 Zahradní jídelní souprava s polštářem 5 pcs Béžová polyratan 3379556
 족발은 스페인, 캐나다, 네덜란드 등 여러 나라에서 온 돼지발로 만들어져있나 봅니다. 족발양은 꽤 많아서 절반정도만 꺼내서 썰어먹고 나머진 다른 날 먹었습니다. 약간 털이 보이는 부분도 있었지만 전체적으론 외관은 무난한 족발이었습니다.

======

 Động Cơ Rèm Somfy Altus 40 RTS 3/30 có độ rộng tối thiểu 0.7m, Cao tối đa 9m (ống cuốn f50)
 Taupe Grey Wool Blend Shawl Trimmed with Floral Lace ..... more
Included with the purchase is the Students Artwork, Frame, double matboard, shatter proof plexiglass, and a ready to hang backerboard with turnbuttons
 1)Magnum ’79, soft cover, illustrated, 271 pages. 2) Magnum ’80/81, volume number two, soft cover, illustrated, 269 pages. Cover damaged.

======

**What is expected**: For the listing above, print only the lines starting at the line containing "Zahradní jídelní souprava" and ending at the line containing "족발은 스페인, 캐나다, 네덜란드", exactly, both included.

**Completed task**:
 Zahradní jídelní souprava s polštářem 5 pcs Béžová polyratan 3379556
 족발은 스페인, 캐나다, 네덜란드 등 여러 나라에서 온 돼지발로 만들어져있나 봅니다. 족발양은 꽤 많아서 절반정도만 꺼내서 썰어먹고 나머진 다른 날 먹었습니다. 약간 털이 보이는 부분도 있었지만 전체적으론 외관은 무난한 족발이었습니다.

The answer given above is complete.